Шевцов – это тот додик?

Он мне тоже не нравится. Особенно потому, что она его ждет.

Поддерживаю руководителя двумя руками.

Девушка послушно начинает перемещаться в сторону кабинета заведующего, а я иду следом и любуюсь ей.

Мазохизм?

Да, чистой воды.

Но мое тело не подвластно разуму и существует отдельно.

Не могу я выдернуть ее из себя!

За столько лет не получилось…

Даже факт, что она меня бросила, не отрезвляет.

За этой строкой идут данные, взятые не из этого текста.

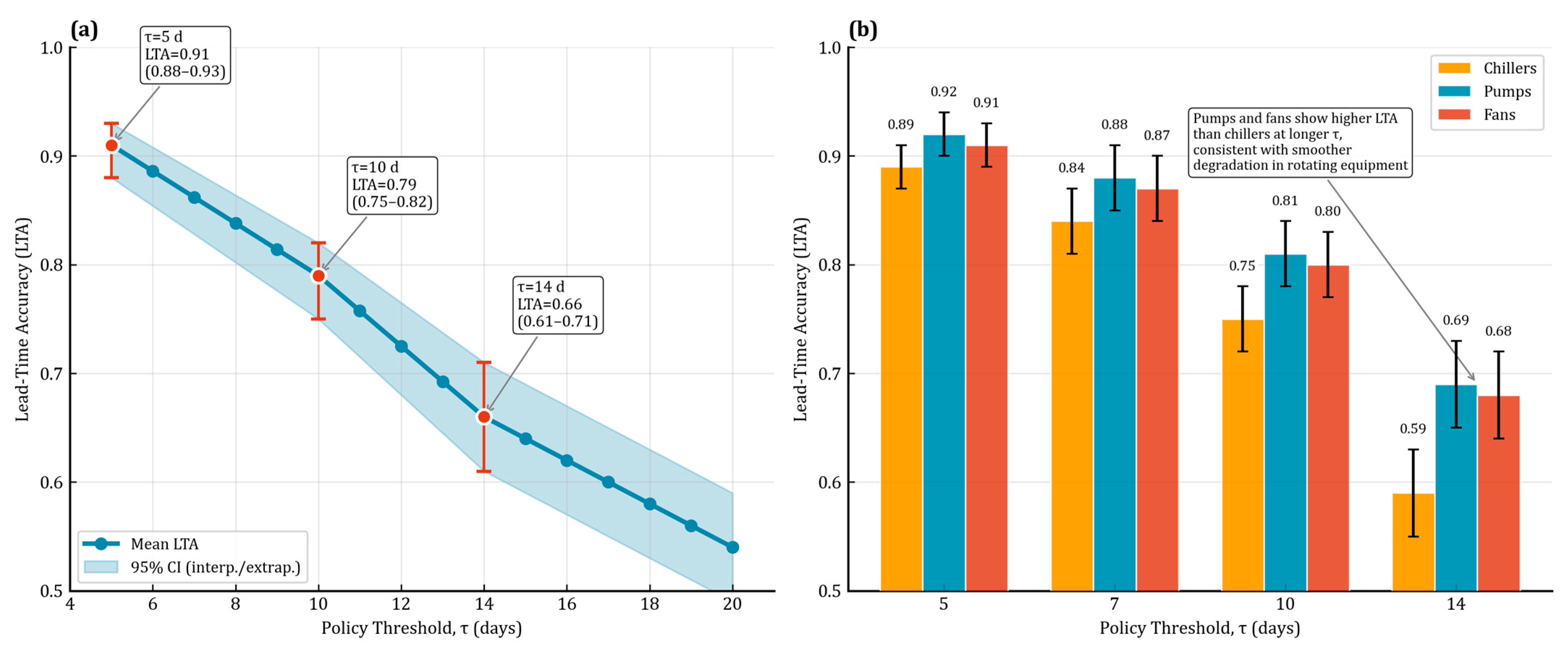 Figure 3. Lead-time characteristics from calibrated quantiles. (a) LTA vs. policy threshold τ at q = 0.25 on the held-out test set. (b) Class-wise LTA at discrete τ values with 95% CIs.

Слишком глубоко впустил, слишком сильно проросла она во мне…

Мы входим в кабинет, и Лешин, развалившись в своем кресле, которое того и гляди рухнет под его массивным телом, спрашивает меня:

– Матвей Николаевич, предоставим будущей женщине-хирургу первое слово?

Слышу стеб в его словах, но не улавливаю, почему.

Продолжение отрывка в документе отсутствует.